This collective story of women photographers who settled in England, left out of the picture those women from Berlin, Vienna, Budapest and Prague who also became refugees but who migrated further to North and South America, Australia and other parts of the world. They too tended to share the same middle-class Jewish heritage, were from various German-speaking regions and took their photography work seriously.

What lies behind these individual stories of resilience and aspiration was the particular coincidence of circumstance, which allowed middle-class women to take up photography in Germany and Austria at a time when training opportunities were opening up and welcoming to women, the demand for photographs of all kinds was booming and the attractions of this newly invigorated visual medium were never more celebrated and practised. Berlin and Vienna in the 1920s and 1930s had many women-owned and run studios, active in all genres of work. The women photographers were often not merely recorders of metropolitan life but recognised cultural actors in their own right.[ii]

Nach Berlin 
Laelia Goehr’s flight from a wealthy life in Kiev to Berlin in 1921 was part of wider European migrations that marked the era. The Bolshevik revolution and subsequent civil war resulted in an estimated over one million people leaving the newly formed Soviet state. This highly heterogeneous group included former military and administrative servants of the Tsarist regime, as well as aristocrats and bourgeois families, artists and intellectuals, leftist political opponents and Jews from various parts of the Soviet Union. It has been calculated that up to 400,000 of these refugees made their way to Berlin in the early part of their exile. The impact on the city saw the district of Charlottenburg being re-dubbed Charlottegrad, as the Russian - speaking diaspora made its mark.[iii]
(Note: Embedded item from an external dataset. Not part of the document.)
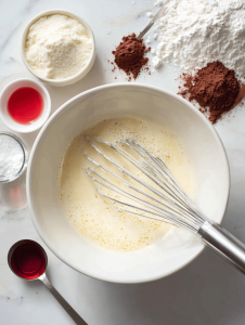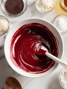 - Add the gel food coloring—about 2 tablespoons—and mix thoroughly, creating a deep, blood-red hue throughout the batter. The color should be vibrant and uniform.

One feature of the life of west central Berlin was the number of photographic studios operated by women photographers, who simultaneously recorded the cultural and political life of the capital as well as being part of that cultural milieu. The portraiture work of these women photographers, who were all about ten to twenty years older than Laelia Goehr, represent a who’s who of the cultural scene in Weimar Berlin. Practitioners such as Lotte Jacobi (1896-1990)[iv], Frieda Reiss (1890-mid 1950s)[v], Gerty Simon (1888-1970)[vi], all with studios on or near the fashionable Kurfürstendamm, shared an assimilated Jewish heritage and like Laelia Goehr made their way into exile in the 1930s; Jacobi to America, Riess to Paris and Simon to London. While at the time, in the 1920s, the young Laelia Goehr was engaged with musical training and striving to establish a musical career, these women of an older generation were making their marks in the field of photography which ultimately would also become Goehr’s field of activity. That both Jacobi and Reiss were also new arrivals in the city, from contested territory in what became Poland after the post-war settlement, speaks of the draw of the capital and the opportunity the Weimar years offered to young women to follow independent careers. It is also striking the degree to which these photographers were able to integrate themselves into the different cultural spheres of the city – theatre and cinema, fine arts, dance – and through their work to present in modernist form, a composite picture of the people and events of these different realms. Such an approach mirrored the later experience of Laelia Goehr when, through her portraits of musicians and composers in London after 1960, the post-war classical musical scene of Britain was presented.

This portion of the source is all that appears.